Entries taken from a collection
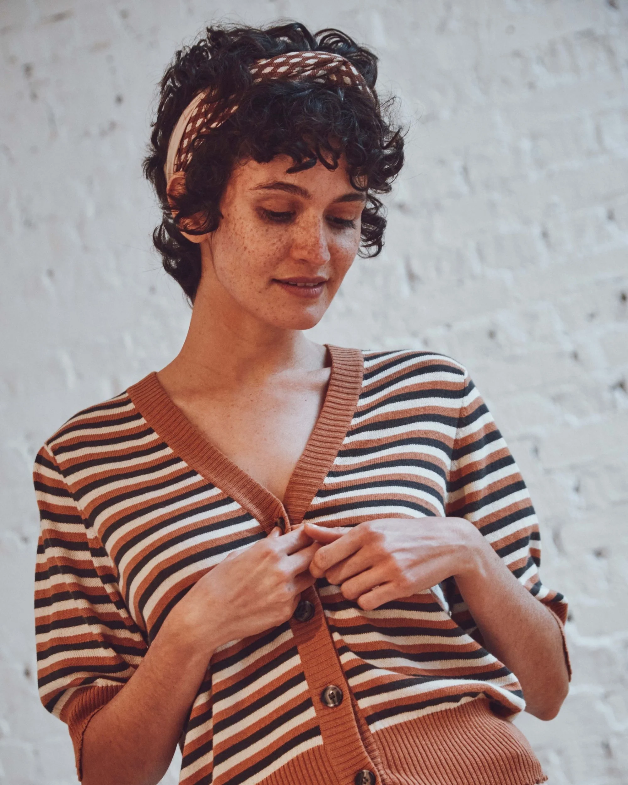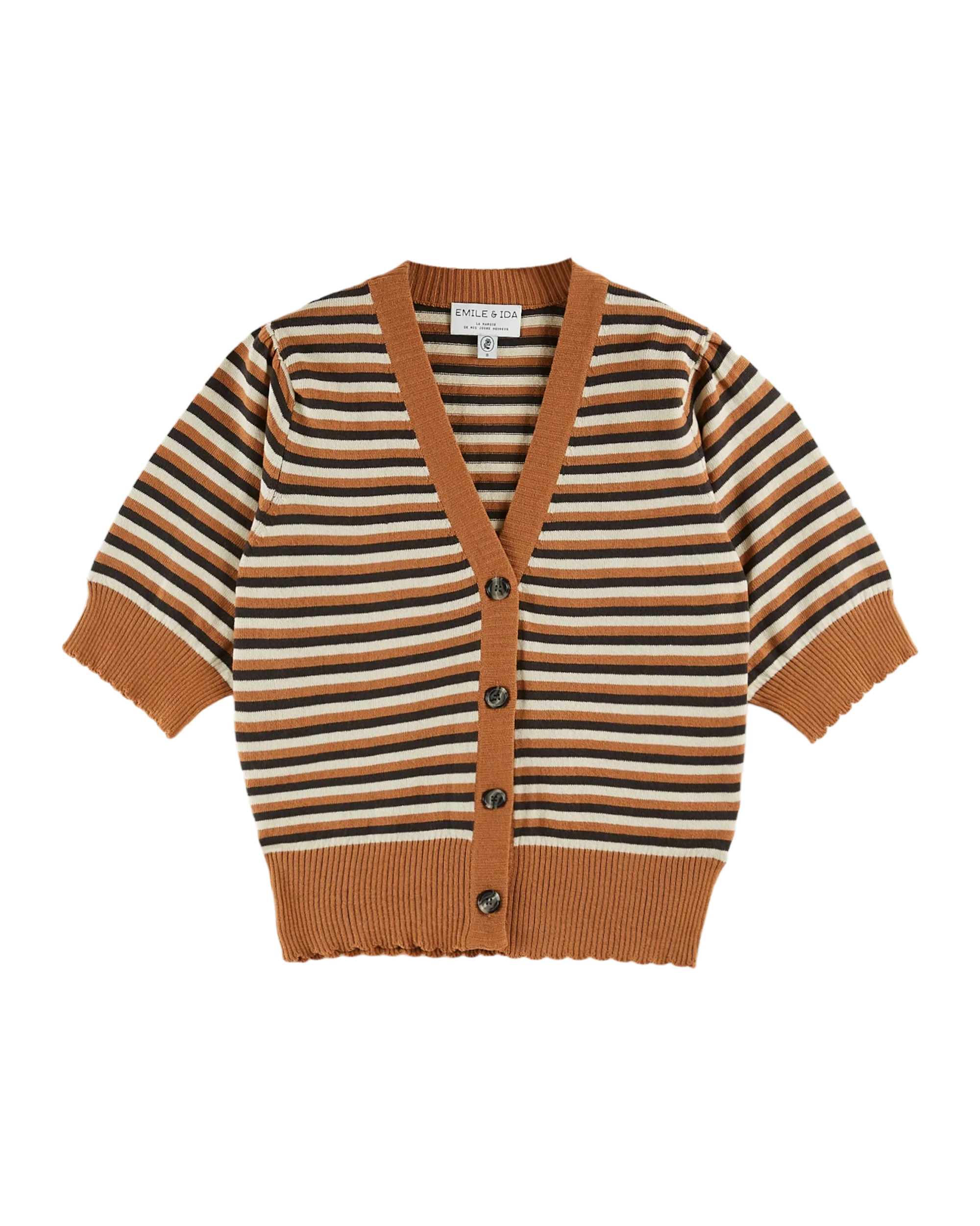 Short-sleeved cotton cardigan alternately striped with ecru, black and caramel lines. It is knitted in jersey stitch with a very fine cotton yarn, making this versatile cardigan. It can be worn as a t-shirt next to the skin or as a cardigan over a blouse. The V-neckline is trimmed with caramel ribbing, which continues onto the button placket, and the ribbing, which finishes the short, slightly puffed sleeves and base, is adorned with scallops. A little cardigan for every situation.
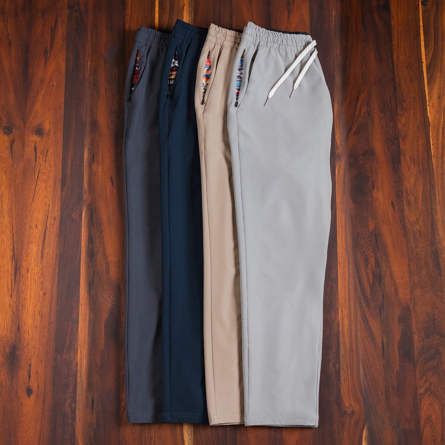 Fitted thigh that tapers narrower to traditional pant leg opening. Elastic waistband with drawstring and metal tips. Comfy, but makes them legs look good.
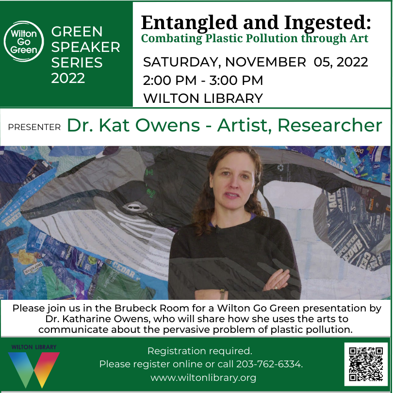Dr. Katharine Owens will share how she uses the arts to communicate about the pervasive problem of plastic pollution. A researcher and artist, Dr. Owens has spent the last year and a half creating a series of forty-six life-sized portraits of animals harmed by marine debris. She creates most of the pieces herself by hand sewing film plastic onto canvas, but the largest pieces (including three life-sized whales) are being co-created with the public.
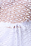 This jumpsuit features a semi-sheer diamond fishnet construction, boat neckline, three-quarter length sleeves, elasticized waist with a self-tie design, and cuffed hem. Underlay and accessories sold separately. Made in U.S.A. 100% Polyester.
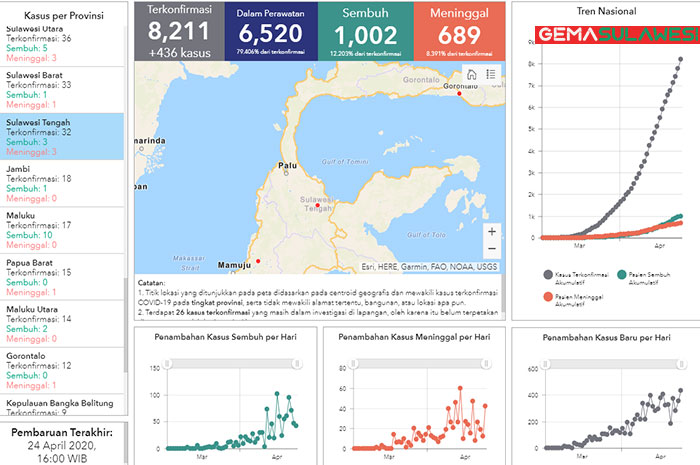 Berita sulawesi tengah, gemasulawesi.comData terkini situs resmi covid19.go.id, positif virus corona Sulawesi Tengah (Sulteng) tembus 32 orang.
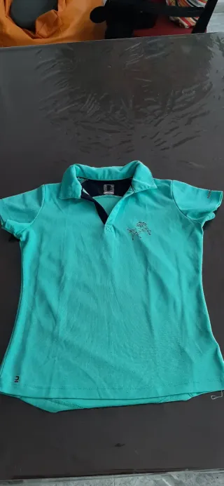 Camiseta de manga corta para equitación, ideal para el verano. Color verde agua con detalles en azul marino. - Talla 14 años. - Cuello tipo polo. - Dibujo bordado en el pecho.
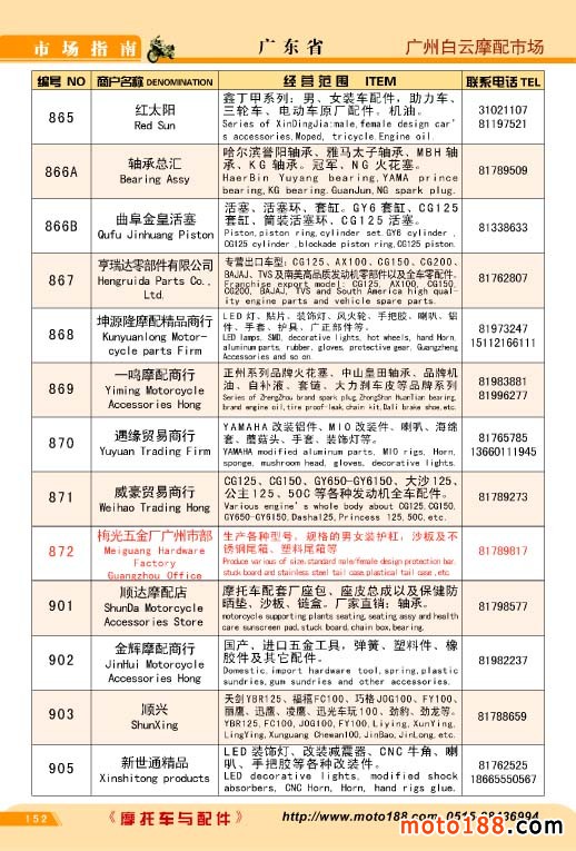 各摩配市場(chǎng)詳細(xì)資料請(qǐng)注冊(cè)我們的VIP會(huì)員咨詢 電話:0515-88436994 QQ:309362965、842467029、1051652573
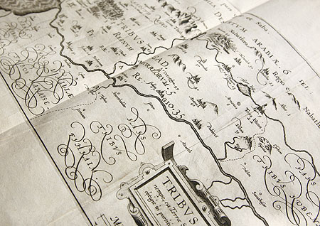 aus: Theatrum Terrae Sanctae et Biblicarum Historiarum : cum tabulis geographicis Ersch. 1589. Dargestellt wird ein Küstenstrich des Heiligen Landes
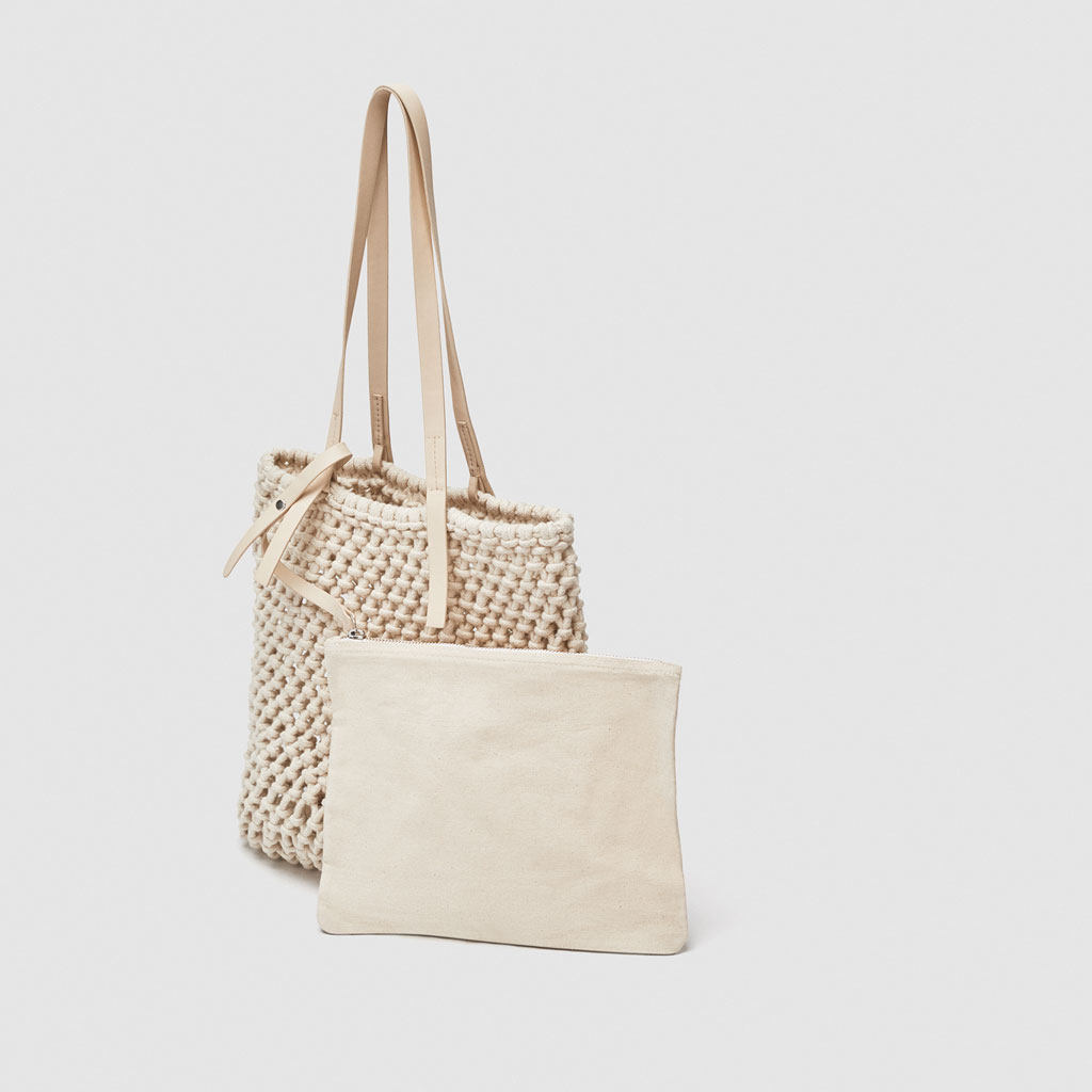 编织购物包,有多种颜色可选。内设拉链小包。设有肩带。
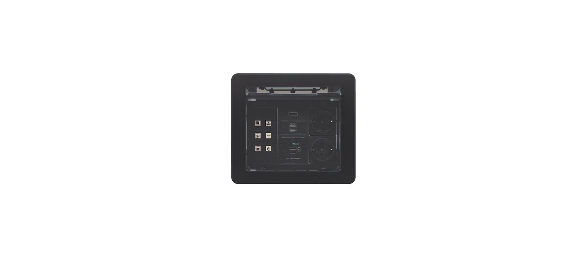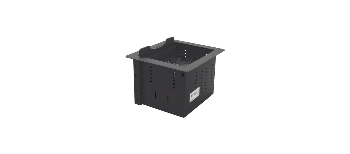 The Kramer TBUS-1N(B) is a black enclosure with a tilt up lid that allows you to configure your AV and power connections for our conference room table. A complete system requires the enclosure, an inner frame, a power socket, inserts and a power cord.

## Description of the task
Your answer must be an exact copy of the records, with no pictures in it.

## Response area
 Short-sleeved cotton cardigan alternately striped with ecru, black and caramel lines. It is knitted in jersey stitch with a very fine cotton yarn, making this versatile cardigan. It can be worn as a t-shirt next to the skin or as a cardigan over a blouse. The V-neckline is trimmed with caramel ribbing, which continues onto the button placket, and the ribbing, which finishes the short, slightly puffed sleeves and base, is adorned with scallops. A little cardigan for every situation.
 Fitted thigh that tapers narrower to traditional pant leg opening. Elastic waistband with drawstring and metal tips. Comfy, but makes them legs look good.
Dr. Katharine Owens will share how she uses the arts to communicate about the pervasive problem of plastic pollution. A researcher and artist, Dr. Owens has spent the last year and a half creating a series of forty-six life-sized portraits of animals harmed by marine debris. She creates most of the pieces herself by hand sewing film plastic onto canvas, but the largest pieces (including three life-sized whales) are being co-created with the public.
 This jumpsuit features a semi-sheer diamond fishnet construction, boat neckline, three-quarter length sleeves, elasticized waist with a self-tie design, and cuffed hem. Underlay and accessories sold separately. Made in U.S.A. 100% Polyester.
 Berita sulawesi tengah, gemasulawesi.comData terkini situs resmi covid19.go.id, positif virus corona Sulawesi Tengah (Sulteng) tembus 32 orang.
 Camiseta de manga corta para equitación, ideal para el verano. Color verde agua con detalles en azul marino. - Talla 14 años. - Cuello tipo polo. - Dibujo bordado en el pecho.
 各摩配市場(chǎng)詳細(xì)資料請(qǐng)注冊(cè)我們的VIP會(huì)員咨詢 電話:0515-88436994 QQ:309362965、842467029、1051652573
 aus: Theatrum Terrae Sanctae et Biblicarum Historiarum : cum tabulis geographicis Ersch. 1589. Dargestellt wird ein Küstenstrich des Heiligen Landes
 编织购物包,有多种颜色可选。内设拉链小包。设有肩带。
 The Kramer TBUS-1N(B) is a black enclosure with a tilt up lid that allows you to configure your AV and power connections for our conference room table. A complete system requires the enclosure, an inner frame, a power socket, inserts and a power cord.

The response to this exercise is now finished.